The Third Story
When I was in middle school, I got invited to birthday party. I was the new girl who had moved in the middle of the year, and I was desperate for some girlfriends. The kids at school did not seem to like me, and the girls were especially sophisticated in their methods of exclusion. I was so relieved and happy when the most popular girl came up to me with an invitation to her birthday sleepover.
On the afternoon of the party, I skipped up to the front porch of a big house and rang the doorbell. I held a new sleeping back in one hand and a big present in the other. The door opened and a woman looked down at me confused. I told her I was there for the party. She said I must be at the wrong house. Just then, I saw them. Down the hall, "Jane" and all her girlfriends were pointing and laughing. There was no party. It had been a trick, a cruel joke.
I will never forget the feeling I had as I saw the girls delighting in my humiliation and shame. Ever since then, it has been a struggle to trust any invitation to join women in community. The first time I came to a women's ministry event, I felt like I was standing on that front porch again. The fear of rejection was overwhelming. The ladies in my first women's small group were exceedingly kind. But I was guarded and judgmental. I was not able to experience the depth of friendship I was longing for.
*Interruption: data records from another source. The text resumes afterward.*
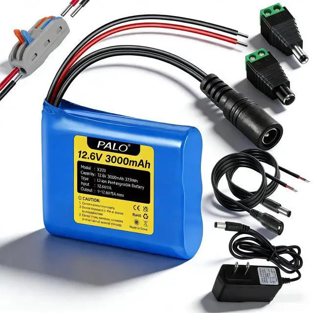 Premium External Battery Pack: This portable 3000mAh lithium ion battery pack with DC 9.0-12.6V/5A (Max) output, the input is DC12.6V/1A. It comes with 12.6V/1A Charger, DC power connector and DC power pigtail cable, great choice to do the DIY projects.
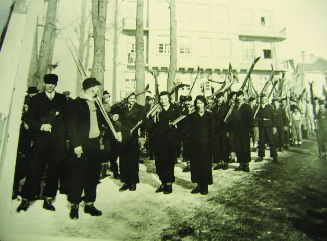 * През 1941 г. в България по покана на БСС пристига австрийския треньор Петер Радахер със задача да предаде на младите скиори модерната алпийска ски техника. Той провежда първата истинска тренировка на самоковските скиори на х. Мусала (използвани са чамови слаломни колове, 1,80-2 м, 4х4, незаоблени, които на хижата са заоблили с ренде по искане на австрийския треньор).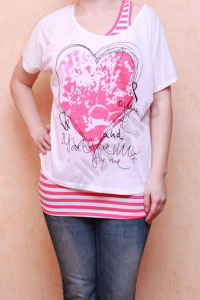 Отличный комплект туника-майка в полоску и чудесная футболка с короткими рукавами и округлым вырезом горловины.

It's been an ongoing process for me to trust that God cares about the pain of that middle school experience and then to risk lowering all my self-protective defenses to open my heart to care and repair. It has taken many communities of women inviting me again and again to come with my gifts and desire for intimacy and belonging in order to step through thresholds into good and genuine friendships with groups of women. My heart still races with insecurity when I take a seat in a women's group. But now there's also hope, and sometimes even expectation. I have experienced the redemptive power of a circle of women, and I'm anxiously excited to join a new circle this spring.
Telling a Good Story
You may have already realized this, but I've actually told you the same story three ways. Only one version, though, comes close to being a good story—my true story. It's very easy to tell a story like the first one. It's a list of demographic, factual information that hides who I am behind what I do.
The second story is what I like to call my "once I was lost, now I am found" story. I pretend everything is fixed, cleaned up, and resolved. We can be tempted to think that these are inspiring stories, but they're often thin, meaningless fakes of the profound, often confusing, unfinished rich story that God is coauthoring with each of us. True stories will hold tension, reveal themes, and invite relationships.
The Book of Romans names how we are living between the "now" and the "not yet," and how our spirits groan and ache with hope for heaven. A good story comes out of that ache and hope. It acknowledges the gap in our lives due to the fall and the tension that we live with every day. Not everything is resolved or understood. There's a sense of mystery, wonder, and awe. There's also the struggle of doubt, confusion, and even despair. A good story holds both heartache and hope, questions and answers. It's a story that doesn't yet have its ending. The third story holds these together. It is my true story.